In his first point of error, Jones argues that there is legally insufficient evidence to support his conviction because there is no evidence to show that any element of the offense occurred in Brazos County as asserted in the indictment. The indictment by which Jones was charged alleges that in Brazos County, Jones did:
then and there intentionally, knowing said property was stolen by another, appropriate, by acquiring and otherwise exercising control over, said property which was stolen, to-wit: four camcorders of the value of $1500 or more but less than [$20,000] from a black male named REGGIE, with the intent to deprive the owner ... of said property[.]
The Code of Criminal Procedure provides specific venues for certain offenses and in particular situations. TEX.CODE CRIM. PROC. ANN. arts. 13.01-.25 (Vernon 1977 & Supp.1997). The statute which addresses the proper venue for theft reads:
Where property is stolen in one county and removed by the offender to another county, the offender may be prosecuted either *854 in the county where he took the property or in any other county through or into which he may have removed the same.
Id. art. 13.08 (Vernon 1977).
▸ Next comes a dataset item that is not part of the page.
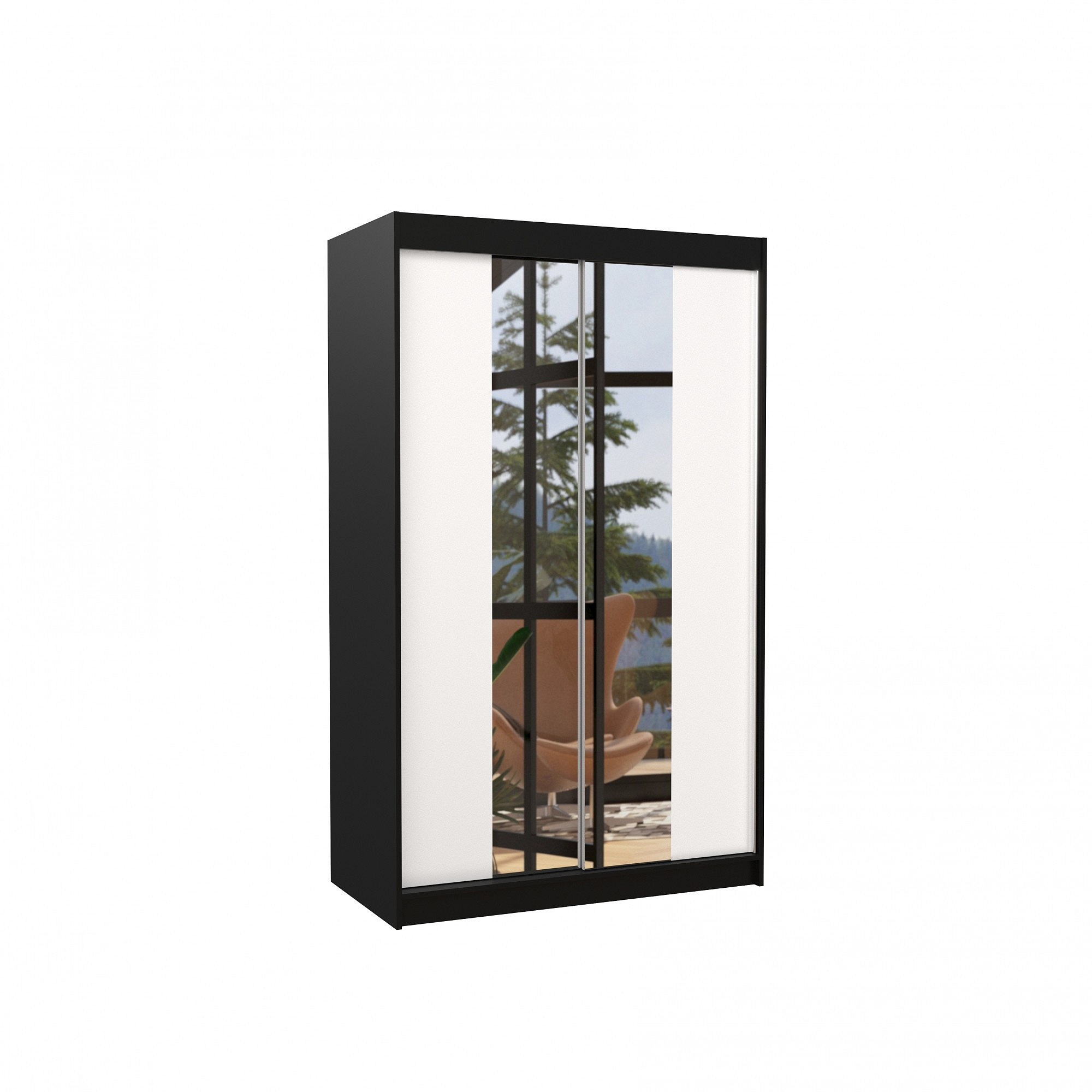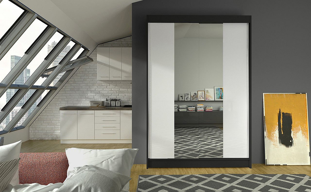 Posuvná skříň se zrcadlem MARVIN 120 Černá+Bílá

However, in this particular case, where Jones is not the "offender," the specific venue statute does not apply. We must look to the general venue statute to determine in which forum Jones should have been prosecuted.[2] The general venue statute provides that, when venue for an offense is not specifically stated, the proper county for prosecution is the county in which the offense was committed. Id. art. 13.18 (Vernon 1977).
The State was required to prove that venue as to Jones was proper in Brazos County. Id. art. 13.17 (Vernon 1977). To do so, the State had to prove that at least one of the elements of theft by receiving stolen goods occurred within the boundaries of Brazos County. See id. art. 13.18; Wood v. State, 573 S.W.2d 207, 210-11 (Tex.Crim.App. [Panel Op.] 1978). The State would have us hold that venue was proper in Brazos County because, at trial, it proved the original theft occurred in Brazos County. Under the Penal Code, to prove theft by receiving stolen goods, the State must prove that a person, with the intent to deprive the owner of property, appropriates stolen property, knowing it was stolen by another. See Franklin v. State, 659 S.W.2d 831, 833 (Tex.Crim.App. 1983); see also TEX. PENAL CODE ANN. § 31.03(b)(2) (Vernon 1994).
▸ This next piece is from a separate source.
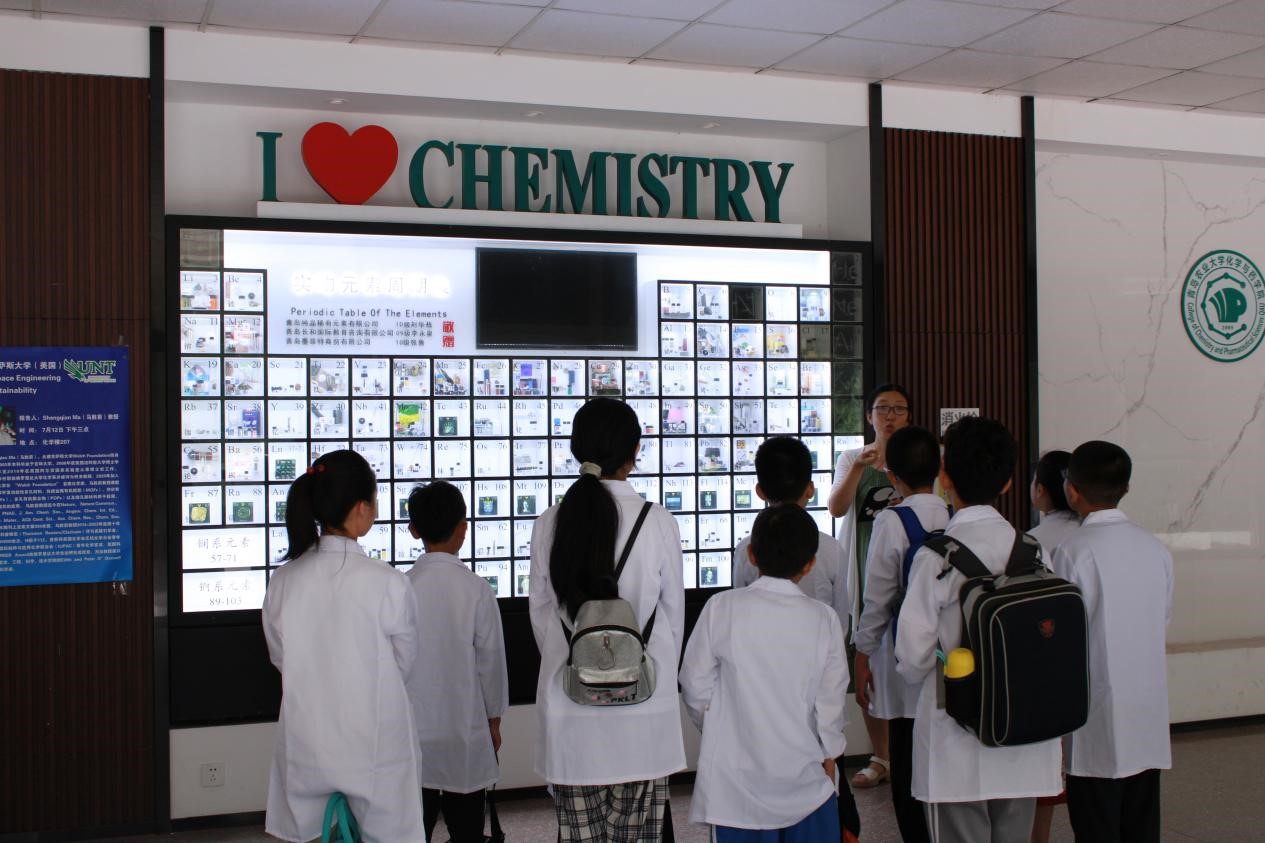 活动伊始,学员们参观了陈列在化学楼一楼的实物元素表,宁静老师为学员详细讲解实物版化学元素周期表,让同学们直观感受化学元素的奇妙排列,将课本知识带入现实。由生活中常见的事物,将同学们引入化学的大门。

The State must prove only that the property appropriated by the defendant was stolen; the State is not required to prove where the property was stolen. Because we will not require the State to prove more than is required, we conclude there is no evidence that any element of the charged offense occurred in Brazos County and, thus, venue there was improper. Jones' first point of error is sustained.
Because our holding of Jones' first point is dispositive of his appeal, we will not address the remaining points. Jones' conviction is reversed, and we render a judgment of acquittal. See Clewis v. State, 922 S.W.2d 126, 133 (Tex.Crim.App.1996) (a finding of legally insufficient evidence entitles an appellant to an acquittal).
NOTES
[1] There was evidence presented at trial that Jones is mentally impaired and that the actual burglars were able to exploit Jones for this reason.
[2] The State concedes in its brief that the general venue statute governs.